CI note: If you can’t find a 13.25-ounce package of Ronzoni, the winner of our tasting, use ¾ pound of a whole wheat pasta of your choice. If you like, pass extra-virgin olive oil for drizzling over the finished pasta. For a vegetarian dish, substitute vegetable broth for chicken broth.

Variation: Spinach can be substituted for the greens. Replace kale or collards with two 10-ounce bags of crinkly-leaf spinach, trimmed, chopped into 1-inch pieces, and rinsed, water still clinging to leaves (about 16 cups), and reducing chicken broth to ¾ cup.
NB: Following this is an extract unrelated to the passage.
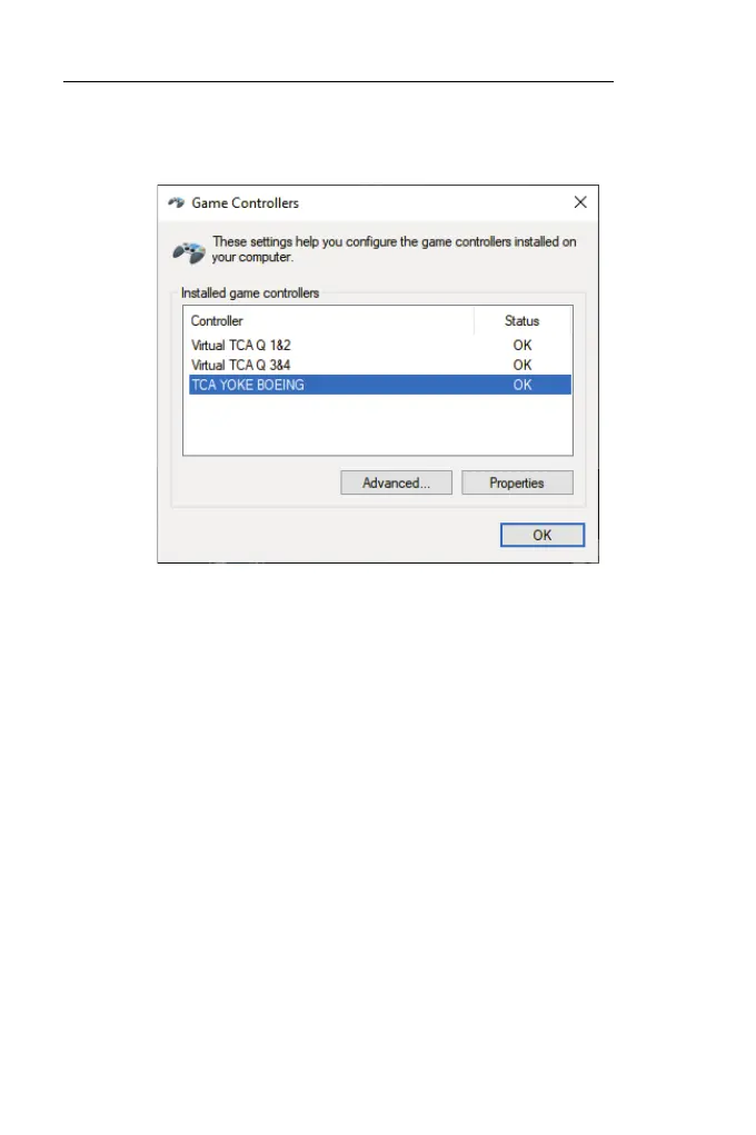 dialógovom okne TCA Quadrant Boeing Edition Game Controllers.

After adding second half of spinach to pan, cook for 2 minutes, until spinach is completely wilted. Continue with recipe as directed.

3 tablespoons olive oil
8 cloves garlic, 5 cloves sliced thin lengthwise, 3 cloves minced or pressed through garlic press (1 tablespoon)
Table salt
1 medium onion, diced small (about 1 cup)
½ teaspoon hot red pepper flakes
14 cups kale (loosely packed) or collard greens (1 to 1½ pounds), thick stems trimmed, leaves chopped into 1-inch pieces and rinsed, water still clinging to leaves
1½ cups low-sodium chicken broth
1 can (14½ ounces) diced tomatoes, drained
1 can (15 ounces) cannellini beans, drained and rinsed
¾ cup pitted kalamata olives, roughly chopped
13¼ ounces whole wheat spaghetti
2 ounces Parmesan cheese, finely grated (about 1 cup), plus additional for serving
Ground black pepper

1. Heat oil and sliced garlic in 12-inch straight-sided sauté pan over medium-high heat. Cook, stirring and turning frequently, until light golden brown, about 3 minutes. Using slotted spoon, transfer garlic to plate lined with paper towels. Sprinkle lightly with salt.

2. Add onion to pan; cook until starting to brown, about 5 minutes. Add minced garlic and red pepper flakes; cook, stirring constantly, until garlic is fragrant, about 30 seconds.

3. Add half of greens to pan; using tongs, toss occasionally, until starting to wilt, about 2 minutes. Add remaining greens, broth, and ¾ teaspoon salt; cover (pan will be very full); increase heat to high and bring to strong simmer. Reduce heat to medium and cook, covered, tossing occasionally, until greens are tender, about 15 minutes (mixture will be somewhat soupy). Stir in beans and olives.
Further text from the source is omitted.